VI-C Inferencing setup

GRAINRec, like other deployed recommendation models in Target, is a guest-facing application built on an application layer called Kubernetes (k8s). When setting up the inference infrastructure, we faced a critical decision: whether to run inference on CPU or GPU. For our specific use case, CPU was chosen due to its simplicity and favorable cost economics. While GPUs are generally faster for model training, the simplicity of using CPUs for real-time request-response operations without the overhead of batching made it the preferred choice. Additionally, after optimizing our systems, we found that the cost-per-inference on CPU was significantly more economical.

It took less than 50ms (95th percentile latency) to generate GRAINRec recommendations for guests. We were able to achieve this low latency by implementing custom load balancing using gRPC as our RPC framework. We further reduced latency by building an in-memory customized local cache. Each instance of the GRAINRec PyTorch model is hosted within a Kubernetes microservice allocated with 2 CPUs and 10 GB of memory. This microservice has direct access to the real-time feature store, which contains comprehensive data on the purchase/browse/add-to-cart history of each guest. The throughput of each k8s pod is around 60 requests per second.

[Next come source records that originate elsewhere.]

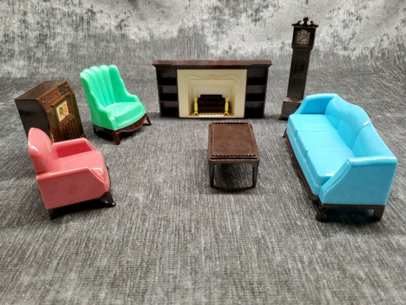 Vintage 7 Piece Plasco Living Room Dollhouse Furniture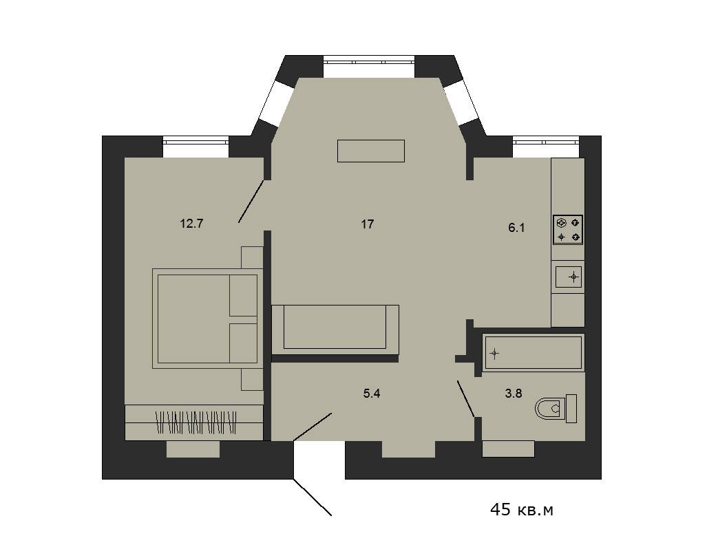 Общая площадь 41.9 м2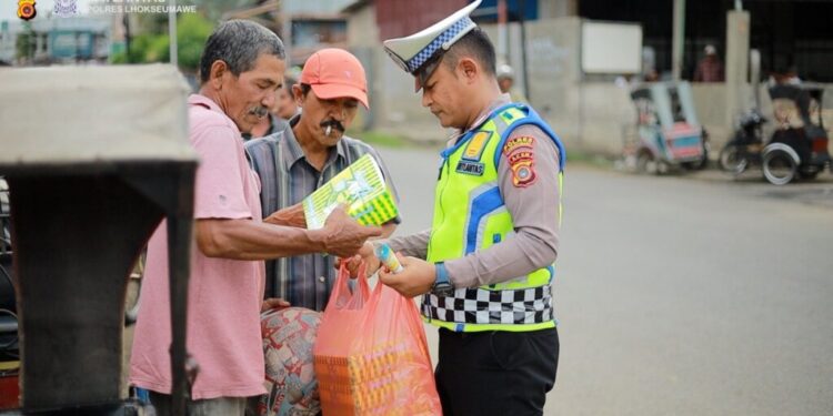 LHOKSEUMAWE 12 Juli 2024 – Satuan Lalu Lintas Polres Lhokseumawe Polda Aceh bersama Komunitas menggelar kegiatan berbagi melalui “Jumat Berkah”, di Balai Pengajian Alfalah Desa Panggoi Kec. Muara Dua Kota Lhokseumawe Jum, at 12 Juli 2024 siang.

In our k8s environment, we faced challenges scaling GRAINRec PyTorch model inference on CPUs due to resource contention. PyTorch’s default behavior of using multiple CPU cores per inference caused performance issues when multiple pods competed for the same cores. To resolve this, we limited each pod to a single thread for PyTorch inference by setting $torch.set\_num\_threads(1)$ , ensuring efficient concurrent inference across multiple pods.

VI-D A/B test results (Online evaluation)

TABLE II: Effect of hyperparameter tuning on online evaluation (CTR- Click Through Rate, AD- Attributable Demand)

	CTR	AD
Before hyperparameter tuning	6.4 % $\uparrow$	5.8 % $\uparrow$
After hyperparameter tuning	10.1 % $\uparrow$	9.2 % $\uparrow$

The proposed model was A/B tested against a link prediction model already running in production. Increase in metrics is compared against the link prediction model. The evaluation was done against two metrics:
1. Click Through Rate (CTR): This metric quantifies how often guests click on recommended items compared to how often those items are displayed to guests.
2. Attributable Demand (AD): This metric quantifies the $ sales generated directly from the guests purchasing the recommended items.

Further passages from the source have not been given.